Dunque cosa fa questa dipendente della pubblica ormai segregata in una casa bonificata - su ogni piano adeguato sistema di purificazione dell'aria («non di quelli "semplici" – chiarisce – queste macchine depurano il particolato fine»). Il sorriso, sotto le mascherine non si vede ma si sente mentre racconta, lieve, l'inferno dove è stata catapultata: «Mi alzo e comincio a mettermi in moto, ma i tempi diventano sempre più lunghi e i dolori tanti. L’alimentazione? Biologica, ma ho messo su chili... anche gli indumenti devono essere biologici: la pelle non resisterebbe al contatto con sostanze chimiche per i trattamenti». Slalom sempre più difficile. «Poi procedo col telelavoro, vicino la bombola d'ossigeno… potrei averne, ne ho bisogno. Una volta alla settimana vado ancora in ufficio».
Qualche costo: filtri per l'aria 500 euro l'uno da cambiare spesso, la prima mascherina, quella sulla bocca viene dall'America, 390 euro («ma costa ancora di più farla arrivare…!») tra una mascherina e l'altra, («quelle grandi, da dentista...») filtri di carboni attivi. «A volte – aggiunge – per noi si parla di componente genetica. In alcuni individui la malattia non insorge mai o non si riconosce finché non sono attaccati gli organi principali come l'apparato digerente o respiratorio... e ci vuole un esperto. I medici di base non ne sanno nulla e talvolta neppure gli specialisti».

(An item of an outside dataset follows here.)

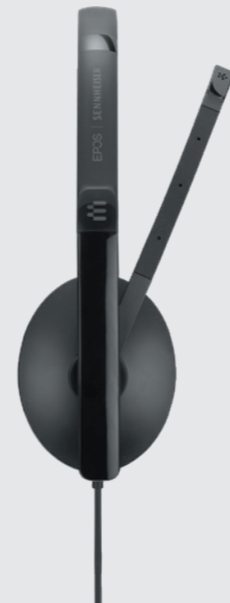
ADAPT 100 Series On-ear, single-sided and double-sided wired headset

Il messaggio di Manuela è forte: «Bisogna denunciare il problema perché chi è malato come me ha anche una forte difficoltà sociale, è solo. Difficoltà ad essere autosufficiente, difficoltà a conservare il lavoro». Dunque niente luoghi affollati e neppur aree trattate con agenti chimici? «L’estate qui è invivibile – risponde –. La situazione peggiora in modo devastante. Da maggio a settembre devo andar via perché, coi pesticidi che vengono liberati, rischio di scoppiar e anche trovare un luogo dove andare è tutt'altro che semplice».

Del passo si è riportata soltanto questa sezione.